Shanore Blog

Growing Your Irish Roots

Food is a very primal way to connect with your roots.

It should go without saying that gardening is popular in Ireland. We have green thumbs after all. But what exactly do we grow?

What vegetables, berries, and fruits were growing in your great-grandparents’ gardens? While today, many Irish people plant a mix of traditional and more worldly crops in the garden, growing traditional foods is a fun way to get in touch with your roots. If you live in a wet, mild climate, you can probably grow most of these Irish standards.

Irish Potato Market

Potatoes are the most obvious and also the most rewarding vegetables to grow. We became dependent on the potato not just because it is delicious and versatile. The humble spud is also very easy to grow here and offers maximum nutrition for minimal effort. Gardeners have so many varieties of potato to choose from that it can be a little overwhelming. But potato varieties can be grouped into two main categories – earlies and main crops. The advantage of earlies is that they are ready to harvest earlier in the season when the risk of blight is low.

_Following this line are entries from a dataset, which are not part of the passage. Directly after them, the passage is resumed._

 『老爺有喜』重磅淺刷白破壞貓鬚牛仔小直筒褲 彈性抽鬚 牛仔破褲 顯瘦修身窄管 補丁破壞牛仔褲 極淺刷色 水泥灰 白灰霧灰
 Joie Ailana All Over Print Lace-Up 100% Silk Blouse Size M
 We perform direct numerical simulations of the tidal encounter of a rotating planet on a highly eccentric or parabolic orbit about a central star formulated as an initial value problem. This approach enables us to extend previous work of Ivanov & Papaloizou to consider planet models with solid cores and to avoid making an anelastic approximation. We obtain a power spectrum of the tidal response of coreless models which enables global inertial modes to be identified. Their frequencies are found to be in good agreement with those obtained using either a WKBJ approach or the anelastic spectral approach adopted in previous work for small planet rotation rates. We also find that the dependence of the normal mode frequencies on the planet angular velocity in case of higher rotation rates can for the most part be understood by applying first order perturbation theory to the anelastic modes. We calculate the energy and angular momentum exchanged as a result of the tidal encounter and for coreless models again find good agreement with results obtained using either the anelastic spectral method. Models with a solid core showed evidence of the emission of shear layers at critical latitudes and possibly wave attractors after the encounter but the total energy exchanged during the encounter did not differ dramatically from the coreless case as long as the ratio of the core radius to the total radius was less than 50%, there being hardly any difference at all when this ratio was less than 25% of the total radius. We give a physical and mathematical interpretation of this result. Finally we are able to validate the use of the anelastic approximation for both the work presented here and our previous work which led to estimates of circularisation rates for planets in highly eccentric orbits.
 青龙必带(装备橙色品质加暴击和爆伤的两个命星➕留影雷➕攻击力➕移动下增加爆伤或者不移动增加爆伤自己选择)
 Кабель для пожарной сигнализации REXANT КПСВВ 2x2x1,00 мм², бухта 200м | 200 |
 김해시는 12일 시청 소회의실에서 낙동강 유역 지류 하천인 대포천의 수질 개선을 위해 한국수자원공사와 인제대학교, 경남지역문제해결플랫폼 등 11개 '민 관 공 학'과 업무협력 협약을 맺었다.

Root vegetables are popular in Ireland. Carrots are a staple of any kitchen garden here. Like potatoes, they are extremely healthy and versatile. Other Irish favorites are less popular in North America, including turnips.

Irish Vegetables

The Irish were eating kale long before the rest of the world caught on. It’s a critical ingredient in colcannon. We were also ahead of the game with beetroots, and we’re just waiting for the world to realize how amazing Brussels sprouts are. We are aware we could be waiting a very, very long time on that one.

While we may be notorious for our collective dislike of spicy foods, we do embrace onions in their many and varied forms. For starters, any Irish kitchen would need to have a supply of yellow cooking onions, leeks, and green onions.

Favorite Fruits for Irish Gardens

Apple tarts are a traditional dessert in Ireland, so it makes sense that apple trees would be an important part of an Irish country garden. Most traditional varieties such as the Kerry Pippin and the Kilkenny Pearmain are not solidly red or green. They tend to be greenish-yellow with reddish stripes.

Rhubarb is also popular for tarts, and an apple rhubarb tart with a cup of tea is the perfect Irish dessert. Technically, rhubarb is a vegetable, and once upon a time, it was not unusual to eat it salted. But today it is far more popular to cook it with sugar and use it for tarts or jams. But remember, the leaves of the plants are poisonous. Eat only the stalks.

Irish Apples

If you drive through Ireland in the summer, you will see roadside stands selling big, gorgeous Wexford strawberries. And an area of the Liffey right in Dublin is known as Strawberry Beds. So arguably strawberries are our most popular berry. But if you get off the road and walk down a boreen in the countryside, you’ll see mile after mile of blackberries growing woven into hedgerows with many other plants.

Food is a very primal way to connect with your roots. Why not enjoy the same foods your great grandparents did, while also growing them yourself as they did?